JEPA is an example of a predictive coding architecture. Predictive coding is the idea that the brain works by predicting the next sensory input and learns from the error between the prediction and the actual input. Hierarchies of this kind of prediction allow higher level elements to predict the outputs of lower-level elements, building up deeper and more complex semantics.
The core idea in JEPA is to take two related things (say consecutive frames of a video) x and y, encode each of them into a latent space (an embedding), and then predict the embedding for y s(y) based on s(x). The encoders can be Transformer-based models — in practice models like I-JEPA have trained the x encoder and updated the weights via a moving average for the y (target) encoder.
The learning is not based on how well the end-result predicts the target e.g. how close the pixels of the next frame are predicted. Instead, it’s based on how well the latent representation of the next frame is predicted.

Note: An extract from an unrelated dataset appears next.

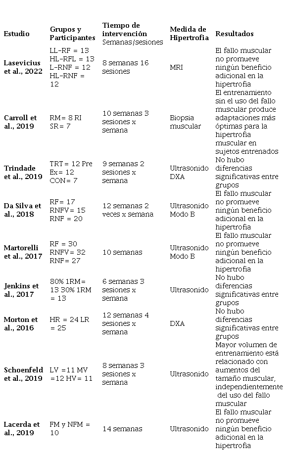 El análisis del fallo muscular en la hipertrofia comprendió nueve estudios, con un total de 331 participantes (249 hombres y 89 mujeres, sanos, sin ningún tipo de patología). En el rango de edad de casi todos los estudios, los participantes se encuentran en un rango de 21 a 31 años, y solamente un estudio evaluó adultos mayores. Debido a la diversidad metodológica, se sintetizó la información en la Tabla 2 y Tabla 3 con los resultados más descriptivos de las diversas intervenciones y medidas que se utilizaron para cada estudio.

The advantage of working in the latent space for the prediction is the model can choose what level of detail it wants to capture, discarding some aspects and focusing on more foundational concepts. This helps build a more robust world-model, with the hope being that training in this way will then allow easier generalization to more tasks, with less data required
Similarities
This is somewhat similar to autoencoders. Autoencoders take an input, compress it in a latent space, then reconstruct the original from the latent space and propagate back the error. JEPA does a similar process across two different items with separate encoders, and only cares about error within the latent space.
Contrastive models embed two different items into the same space and try to increase similarity between the embeddings for things known to be similar and make them dissimilar to other items. This is used in CLIP and other multimodal text-image encoders, where the text and the image embed to the same space so that a text caption and a matching image are close in embedding space. This requires a lot of pairwise comparisons, while JEPA is a more straightforward s(x)->s(y) prediction in training.
Challenges
Because JEPA models leave you with a latent they need to be paired with a generator for getting an observable/human viewable output, which is a per-domain challenge. This makes it harder to evaluate how well the model is learning, beyond measuring loss.
Training stability can also be tricky — it is possible for the model to collapse and learn trivial representations to minimize prediction error. Even without complete collapse it can require some experimentation to ensure the model is learning a deep enough conceptual level. For example, I-JEPA, which worked in image space, found that using large enough masked patches was important to ensure the model captured sufficient detail.